Memory Images
text selected by Karen Di Franco
Wednesday 9 July, 7-8.30pm.
We will have read and will be discussing:
‘Bergsonian Difference’ from 'The Nick of Time: Politics, Evolution, and the Untimely', by Elizabeth Grosz text
​
and if you have time,
​
‘The Art of Memory in Greece: Memory and the Soul’ from 'The Art of Memory' by Frances Yates text
This session will consider the production of the memory image, as understood by Bergson and in the teachings of rhetoric in antiquity.
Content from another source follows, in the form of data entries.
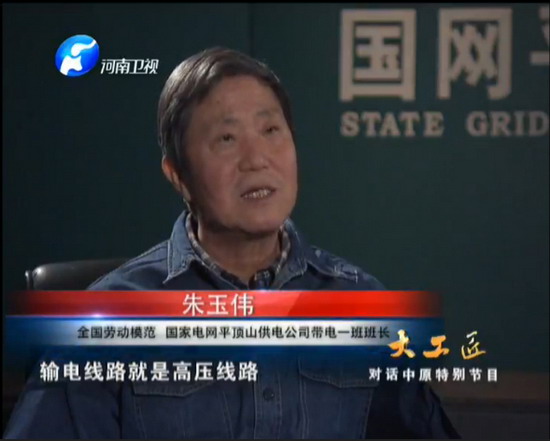 朱玉伟是河南省电力公司系统公认的发明家、技能专家,全国劳动模范,被国务院批准享受政府特殊津贴的先进典型,在河南省总工会的推荐下,河南电视台《对话中原》栏目组对公司员工朱玉伟进行专题访谈。朱玉伟扎根基层36年,用创新屡屡突破技术瓶颈,3项创新成果填补了国内带电作业工具空白,先后研制出20多种获得国家实用新型专利的作业工具,大大提高了带电作业效率,降低了带电作业风险。他带领班组成员开创了全国第一次500千伏输电线路带电作业先河,确立了河南带电作业在全国的领先地位,在平凡的岗位上干出了不平凡的业绩。
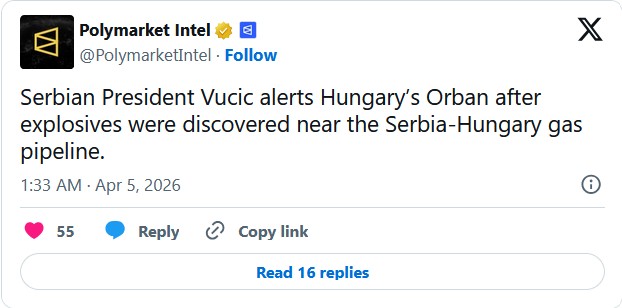 POWDER KEG EUROPE: Serbian President Vučić Says Explosives Were Found Near a Pipeline Carrying Gas From Russia to Serbia and Hungary
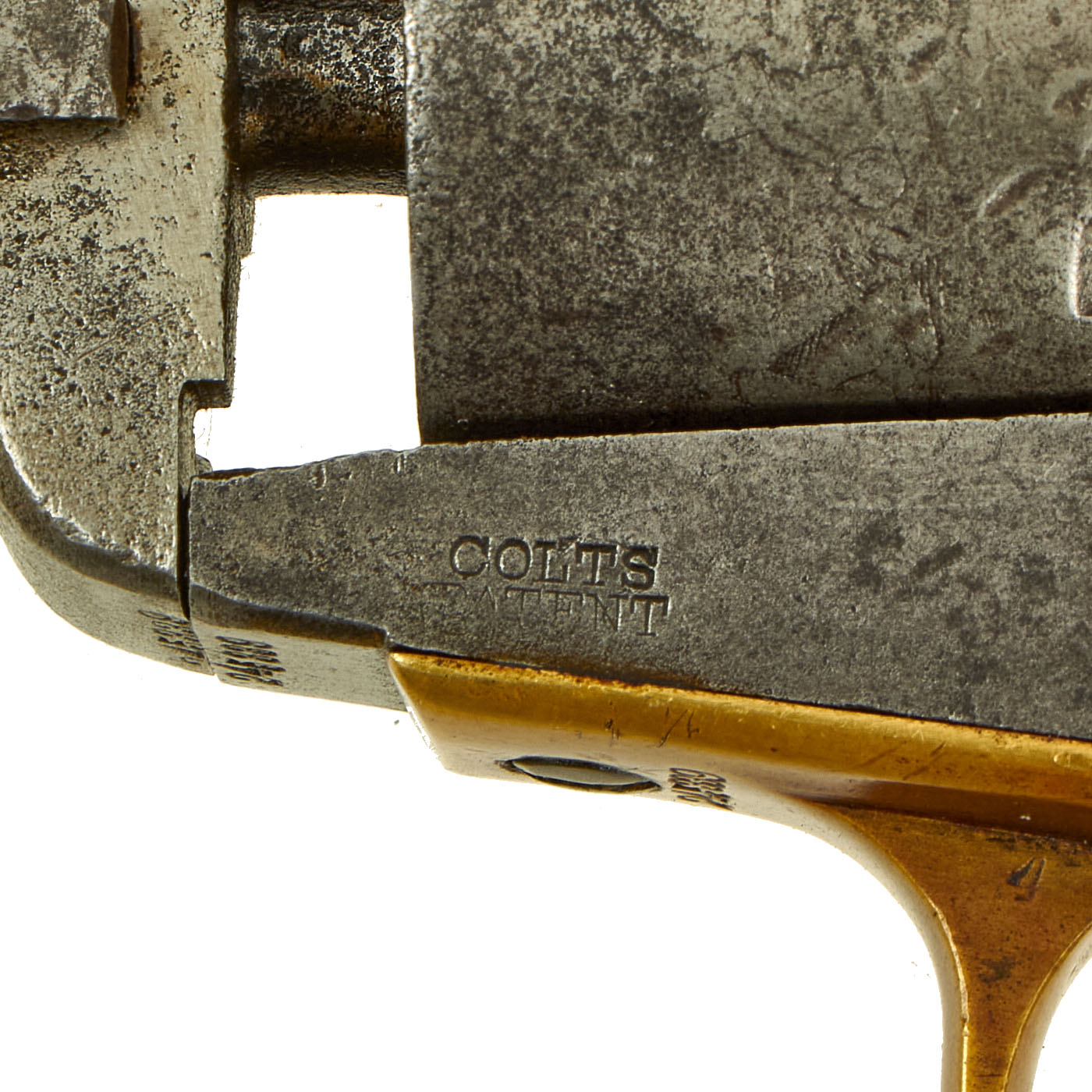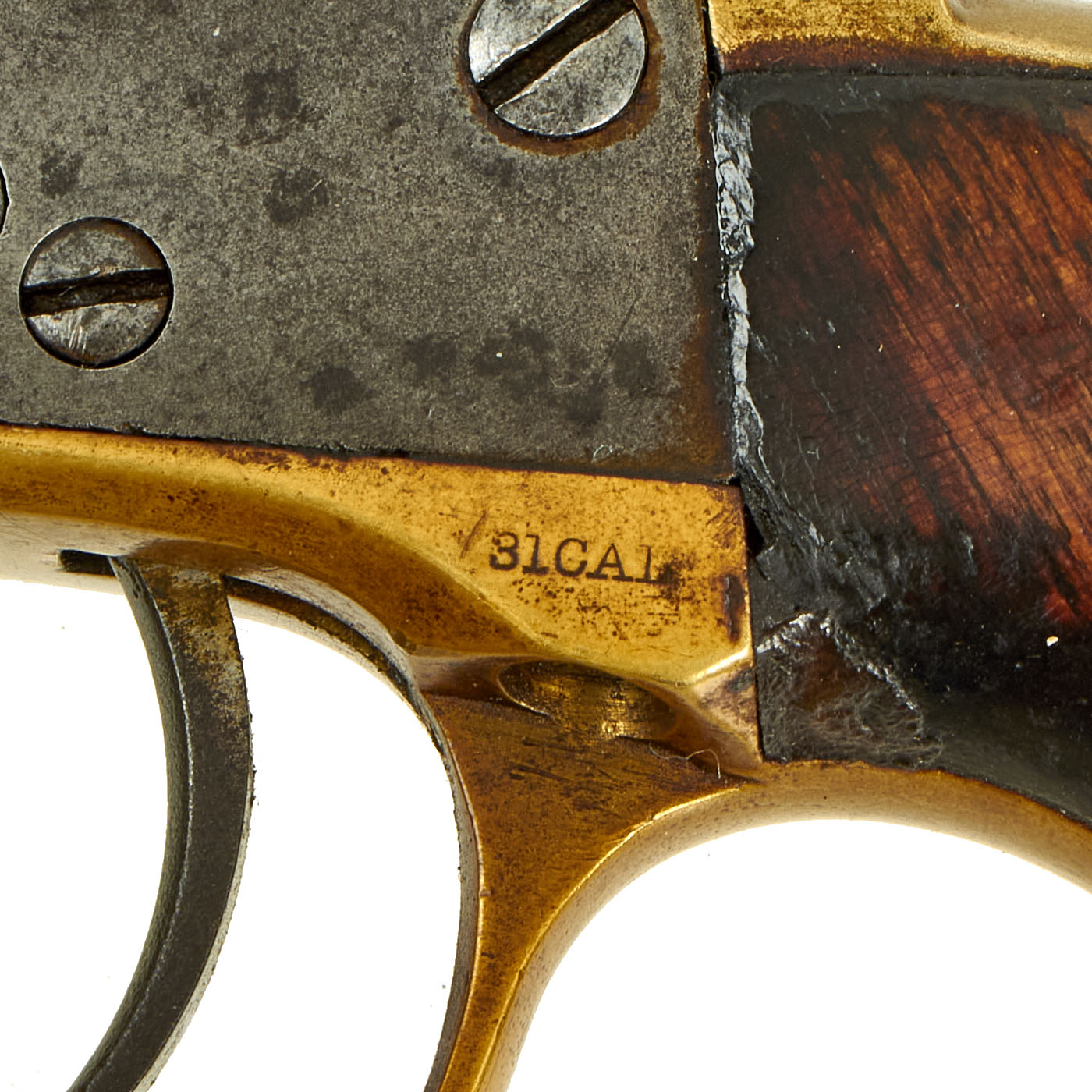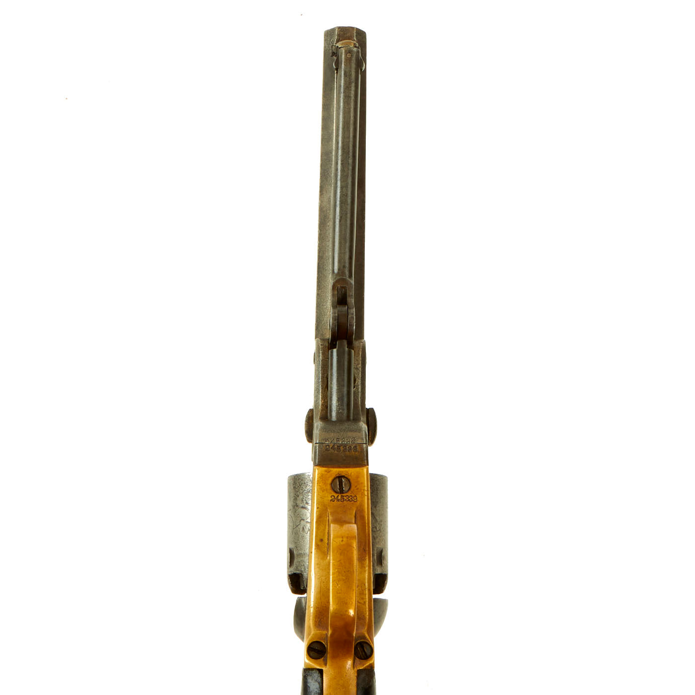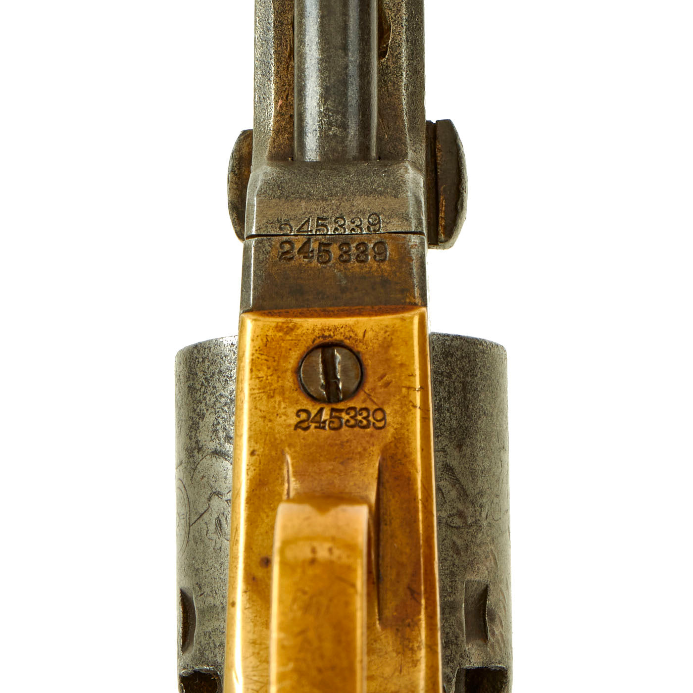 Original Item: Only One Available. The Colt "Pocket Percussion" Model 1849 revolvers in .31cal are essentially scaled down versions of the larger Navy Model 1851 in .36cal, and were developed concurrently. The serial Number 245339 can be found on the barrel, frame, trigger guard, and grip frame. The cylinder and barrel wedge are marked with 45339, while the cylinder arbor pin is marked with 533[9]. This makes this a very desirable "ALL MATCHING" example of the M1849 Pocket revolver, without any parts swapped out over the years.
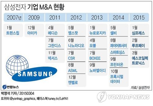 작년 8월 미국의 사물인터넷 개방형 플랫폼 개발업체 스마트싱스를 인수한 것은 삼성전자의 M&A 행보에 속도를 더했다. 삼성전자는 작년 8∼10월 3개월 사이에 북미 지역 4개 업체를 인수했다.
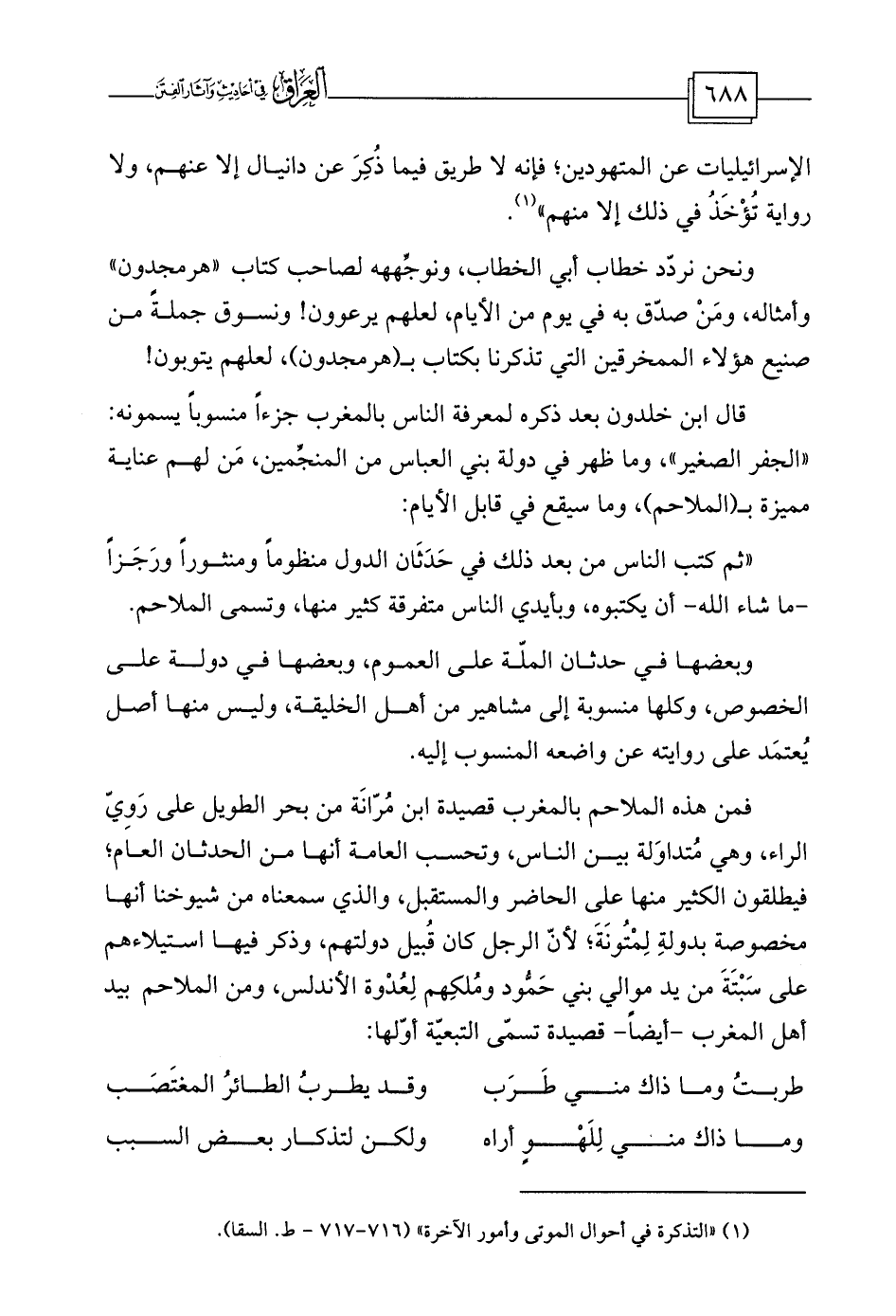 (¬1) «التذكرة في أحوال الموتى وأمور الآخرة» (716-717 - ط. السقا) .

‘The strange inventiveness of Bergson’s conception of the relations between matter and memory, or, in more conventional philosophical terms, between body and mind, becomes apparent at the very opening of Matter and Memory. He defines matter, not in terms of substance or extension, as it has been generally understood in the Cartesian tradition, but in terms of images: matter is the ongoing production or profusion of images. The structure of matter is imagistic, which is not to claim that it is reduced to the imagistic perception of a subject (i.e., idealism) or that the image is necessarily or in any privileged manner visual. Matter is conceptualized as midway between the image, so central to idealism, and the object-in-itself, so central to materialism. Matter is an aggregate of images that occasion, in the presence of a perceiver, a series of multisensory perceptions, images capable of representation by many if not all of the senses and by other perceivers: ‘‘Matter, in our view, is an aggregate of ‘images.’ And by ‘image’ we mean a certain existence which is more than that which the idealist calls a representation, but less than that which the realist calls a thing—an existence placed half-way between the ‘thing’ and the ‘representation’ . . . the object exists in itself, and, on the other hand, the object is, in itself, pictorial, as we perceive it: the image it is, but a self-existing image’’ (mm 9–10).’